The superintendent, upon receipt of the verified signatures, must determine whether those verified signatures are sufficient to require a special recall election. In so doing, a superintendent must exclude those signatures without a date, § 22-7-10(A), those signatures which have expired as a matter of law, § 22-7-10(B), and those signatures which a county clerk finds do not meet the requirements of Section 22-7-10(E)(1) and (3). Where a person signs a petition more than once, contrary to Section 22-7-10(C) and (E)(2), the superintendent shall count the multiple signatures as one signature.
In the present case, the record shows that respondent did not count several signatures because the line was not “filled in full” (i.e., the name was not “printed as registered,” the “city” was not listed, or the “date” was not listed). In accordance with our analysis of Sections 22-7-9 and 22-7-10, we determine that it was proper for respondent to exclude those signatures not listing a date. However, we determine that respondent’s exclusion of signatures with names not “printed as registered” or with “city” not listed was inconsistent with the purpose of Section 22-7-10(D) and was therefore improper.
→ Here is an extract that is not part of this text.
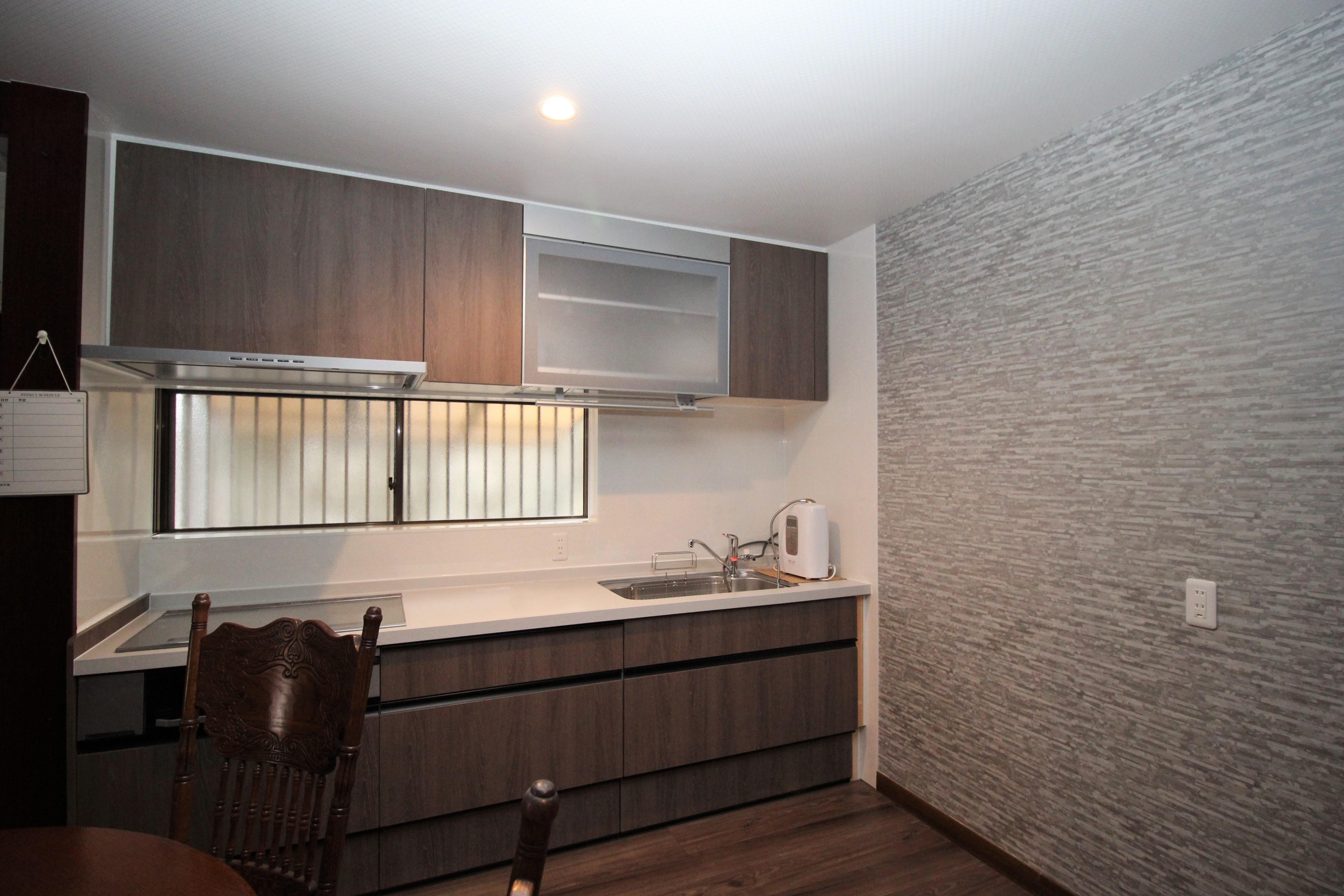 シンク下は立体構造の引き出し。収納力を高めるとともに、道具の取り出しやすさも向上です。レンジフードもフラットなデザインでお手入れ楽々。日々の使いやすさ、お手入れのしやすさを重視したシステムキッチンで、日々の家事をサポートしてくれます。扉はブラウン、取っ手はブラックとシックな色をお選びになりました。クロスとフロアーの色に合う色合いで、素敵なトータルコーディネートになりました。システムキッチン:リクシル アレスタ壁:サンゲツ RE51026天井:サンゲツ RE51265床:永大 スクスムTフロアーシートタイプ ボールドチークTRN-BOT

We have reviewed the petitions and determine that after excluding the signatures of individuals who petitioned to have their names withdrawn and after excluding the signatures that failed to meet the requirements of Section 22-7-10, there are 225 valid signatures to recall Robinson and 236 valid signatures to recall Vackar. We therefore conclude that there are sufficient signatures to initiate procedures for a special recall election of Robinson and Vackar.
The judgment of the district court is affirmed in part, reversed in part, and the case is remanded for the district court to set the date for the special recall election of Robinson and Vackar.
IT IS SO ORDERED.
STOWERS and WALTERS, JJ., concur.. We recognize that Catron county is a relatively small county and that the clerk there may require little information to verify registered voters. The clerk of a larger county {e.g., Bernalillo county) may require more information to do so.